The US state department said the man did not work for American intelligence.
Earlier, Cuban Parliament President Ricardo Alarcon said the unnamed man was still under investigation and had not been charged.
The BBC's Michael Voss says the incident suggests US-Cuba ties have again taken a turn for the worse.
Relations between the two countries had started to thaw after US President Barack Obama came to office in January last year.
"Those comments are false. Cuba has a history of mischaracterising what Americans and NGOs in Cuba are doing," said state department spokesman PJ Crowley.
"This person is not associated with our intelligence services."

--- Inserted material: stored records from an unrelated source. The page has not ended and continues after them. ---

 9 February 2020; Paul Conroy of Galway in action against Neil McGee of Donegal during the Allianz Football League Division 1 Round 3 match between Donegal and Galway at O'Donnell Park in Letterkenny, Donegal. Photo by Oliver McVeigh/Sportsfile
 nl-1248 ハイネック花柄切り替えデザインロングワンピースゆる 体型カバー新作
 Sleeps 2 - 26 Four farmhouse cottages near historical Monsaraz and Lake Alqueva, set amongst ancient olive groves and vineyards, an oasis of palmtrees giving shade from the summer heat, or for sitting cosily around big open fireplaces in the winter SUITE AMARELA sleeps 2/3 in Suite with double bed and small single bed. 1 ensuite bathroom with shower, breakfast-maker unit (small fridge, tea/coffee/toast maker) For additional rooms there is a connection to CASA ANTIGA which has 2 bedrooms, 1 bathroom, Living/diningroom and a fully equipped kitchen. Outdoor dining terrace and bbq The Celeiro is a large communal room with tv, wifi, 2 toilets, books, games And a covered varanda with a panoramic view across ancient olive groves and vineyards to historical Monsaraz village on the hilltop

Washington said the detained man worked for an American company called Development Alternatives, part of a US government programme aimed at promoting civil society and democracy in Cuba.

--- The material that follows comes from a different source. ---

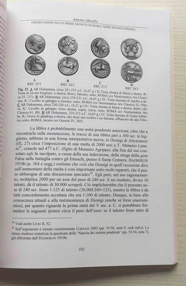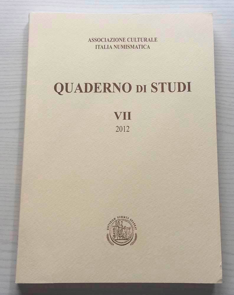 Circolo Numismatico “Mario Rasile” Quaderno di studi VII Editrice Diana 2012. Brossura ed. pp. 188, ill. in b/n .Il volume è stato interamente dedicato ad Andrea Morello, storico Presidente dell’Associazione, scomparso nel febbraio del 2011. Le prime quattro pagine sono un breve ricordo della Persona, scritte dai figli Antonio e Francesco; segue la bibliografia relativa ai lavori prodotti da Andrea, dal 1994 al 2009, prevalentemente pubblicati per l’Associazione che presiedeva e per la rivista Monete Antiche. Il primo studio, è opera di Alberto d’Andrea che analizza la tipologia delle monete emesse dalla zecca di Cuma tra il V e il IV secolo a.C. La sintesi è molto ben strutturata e, nella parte introduttiva, l’Autore ha esposto le motivazioni della divisione in quattro serie (o periodi) della monetazione dell’ antica città; segue il catalogo delle varie tipologie e la relativa bibliografia. In questo volume sono stati inseriti alcuni scritti di Andrea Morello che furono editi sulla rivista Monete Antiche; tale iniziativa nasce dalla volontà di ricordare ai soci dell’ACIN come egli fosse uno studioso prolifico, ma anche il Suo modo semplice di rivolgersi a chiunque, tramite i suoi studi. Ad esempio, in quattro sintetiche ma efficaci pagine, egli si soffermò su “Due stateri di Taranto firmati da Kal.. raffinato incisore di monete della Magna Grecia”. Chi ebbe la fortuna di conoscere Andrea, sapeva bene che tra i suoi pensieri persistenti c’era la volontà di spettivamente Livia, Antonia, Livilla (o Vipsania). Tale proposta non è inedita ma l’Autrice ne approfondisce alcuni aspetti con paragoni iconografici e notizie storiche che ne avvalorerebbero le sue pertinenti conclusioni. Raffaele Iula approfondisce “Il profilo di Giulia Drusilla” con un’attenta “Analisi storiografica e numismatica per una ridefinizione del suo ruolo storico-sociale”. Questo lavoro è integrato con interessanti immagini monetali e una dettagliata bibliografia. Alberto Trivero Rivera, a seguito di molte discussioni aperte nei forum numismatici online, scrive un contributo dedicato a “L’orbis terrarum nella monetazione romana” approfondendo la rappresentazione del globo, in particolare, sulle emissioni imperiali; pregevoli illustrazioni a corredo, fanno di questo lavoro un interessante riferimento, offrendosi con una lettura avvincente. L’articolo di chiusura è di Andrea Morello: “Iconografia paleocristiana sulle monete romane tardo antiche: la Fenice”, già edito sulla rivista Monete Antiche e qui riproposto affinché fosse ricordato un bel lavoro, che fu tanto caro all’Autore. Nuovo
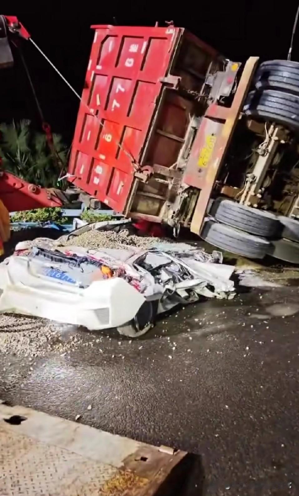 国庆惊魂!小车被压扁了! 国庆夜的高速上,一辆大货车侧翻,把旁边的小车直接“

The American was held at Havana airport on 5 December but was not seen by US consular officials until 28 December.
"This is a gentleman hired by a company that hires for the American secret services and is now the subject of an investigation," Mr Alarcon told reporters in Havana.
He described it as an example of the "privatisation of war" by the US, which hires people to be "agents, torturers, spies".
In an earlier speech, President Raul Castro said the man had been illegally supplying opposition groups with advanced communications equipment.
He also accused the US of continuing its attempts to subvert and destroy the revolution, our correspondent in Havana reports.